Перед людьми появился офицер — маленького роста, с узкими серебряными погонами на мундире.

— Мы пришель вас освободить, — сказал он, — вы нас будете встречать. Мы вас будет фотограф. Поняль?

Крестьяне угрюмо молчали.

— Вы нас будет встречать клеб, соль. Поняль?

Из толпы вышел высокий старик — в капелюхе, сапогах, суконном армяке. Пошлепывая палкой по раскисшей дороге, теребя рукой бороду, он промолвил:

— Понять-то понял, гражданин немец или как там тебя. Но вот что понял? Если слушать тебя — значит, стыд под каблук, а совесть под подошву?

— Никс подошву, никс! Клеб, соль… — распинался гитлеровец, приподнимаясь на носках, словно стараясь казаться выше. — Мы будем фотограф делай.

Решив, что крестьяне не могут его понять, офицер отдал распоряжение солдату. Тот быстро побежал в дом, в котором Маринин провел ночь, и через минуту вынес оттуда большую круглую буханку хлеба, вышитый рушник и солонку.

Взяв у солдата хлеб, офицер подошел к крестьянам.

— На, матка, клеб, — гитлеровец сунул буханку в руки пожилой женщине и вытолкал ее на середину улицы. Женщина испуганно смотрела на офицера, не зная, что делать ей с хлебом.

— Дожила, Меланья, врагов хлебом-солью встречаешь! — промолвил из толпы тот же высокий старик.

Не успела Меланья ответить, как где-то над крышами соседних домов грохнул выстрел. По селу опять залаяли собаки. Офицер, намеревавшийся было положить Меланье на руки рушник, упал. Меланья вскрикнула и бросилась в толпу, уронив буханку в грязь.

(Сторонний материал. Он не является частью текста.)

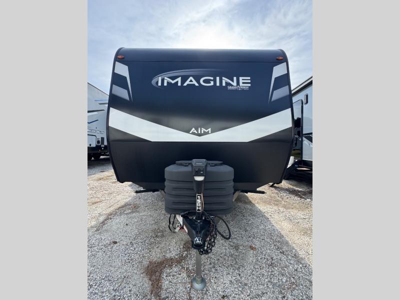 Aim for new destinations in one of these Grand Design Imagine AIM travel trailers! They are constructed to a superior standard with the 4-Seasons Protection Package that features a heated and enclosed underbelly with suspended tanks, a moisture barrier floor enclosure, a double insulated roof and front wall, and more. There is backup camera prep outside, along with a universal docking station, a power tongue jack, and durable Tuff-Ply pass-thru flooring for your camp gear. You are sure to feel at home with residential cabinetry, premium window treatments, residential countertops, and a spacious walk-in shower to name a few comforts. The on-demand tankless water heater is a feature you won't want to camp without and the hi-definition LED TV will ensure you'll never go bored on rainy days. Each model also comes with four AIM packages; the Peace of Mind Package, The Ultimate Power Package, The 4-Season Protection Package, and the Solar Package!

Загалдели, забегали солдаты. На околице фыркнули моторы бронетранспортеров.

Оправившись от испуга, поднялся офицер. Стряхивая грязь, он что-то взволнованно говорил солдатам, указывая пальцем на буханку. Потом поднял хлеб и внимательно осмотрел в нем след пули.

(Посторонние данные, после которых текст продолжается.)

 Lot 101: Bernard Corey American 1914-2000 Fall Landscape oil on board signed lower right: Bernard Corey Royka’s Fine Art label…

Крестьяне, пораженные таким «чудом», затаив дыхание смотрели на гитлеровцев. Только одна старушка крестилась и шамкала:

— Слава тебе господи… Хорошая примета, хорошая. Не есть им нашего хлебушка! Горький он будет для них, с дымом, с огнем, как эта буханочка…

В щель Петр видел, что солдаты начали шнырять по селу, обыскивая дома, сараи, огороды. Надеялись поймать стрелявшего.

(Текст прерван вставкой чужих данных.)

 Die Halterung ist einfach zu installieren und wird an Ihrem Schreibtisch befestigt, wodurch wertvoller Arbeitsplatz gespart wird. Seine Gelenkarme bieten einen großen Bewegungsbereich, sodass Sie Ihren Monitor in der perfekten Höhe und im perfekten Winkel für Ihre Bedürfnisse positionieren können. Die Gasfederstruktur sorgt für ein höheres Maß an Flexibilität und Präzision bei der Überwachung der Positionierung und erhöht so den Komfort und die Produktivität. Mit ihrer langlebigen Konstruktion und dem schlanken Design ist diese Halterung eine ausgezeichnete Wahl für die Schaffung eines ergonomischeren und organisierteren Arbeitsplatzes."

Но поиски были тщетны. Тогда, отделив от толпы крестьян человек двадцать мужиков и баб, фашисты окружили их плотным кольцом.

— Всем остальным ушель! — объявил офицер. — Через десять минут будем стрелять заложников, если не приведете того, кто нас стрелял.

Крестьяне не двигались с места. Толпа словно онемела. Десятки пар глаз напряженно, недобро смотрели на гитлеровцев.

— Ну, пшоль! — закричал офицер.

Солдаты принялись расталкивать, разгонять людей.

Маринину из своего убежища хорошо были видны крестьяне-заложники. Одни были угрюмы, сосредоточенны, другие растерянно смотрели по сторонам, третьи, казалось, спокойно посасывали люльки. Женщины, утирая слезы, теснились отдельной стайкой.

До сих пор Петр Маринин, наблюдая за тем, что происходит на улице, не мог остановиться ни на одной мысли. Смотрел, стараясь расслышать слова, и чувствовал, что его руки и ноги онемели, сделались непослушными, а где-то в груди сосало, щемило. Казалось, там образовалась какая-то непонятная пустота, и было очень тяжело, тяжело так, что мозг отказывался мыслить, а перед глазами плыли темные пятна, в ушах нудно гудело.

Когда гитлеровцы отделили от толпы крестьян группу мужчин и женщин, Петр понял, что сейчас произойдет что-то ужасное, непоправимое. И стало мучительно больно, стыдно, досадно от своей беспомощности. И страшно оттого, что он оказался в тылу врага, хоть и на своей земле, оказался один, без товарищей, без патронов (в магазине трофейного автомата осталось два патрона), раненый, и не было у него твердого понимания, что он должен делать, как поступать. Петр знал одно: он ни за что не снимет с себя военной формы, не смирится со своим положением… Нужно что-то делать. Но что?.. Главное — не попасть в руки фашистов…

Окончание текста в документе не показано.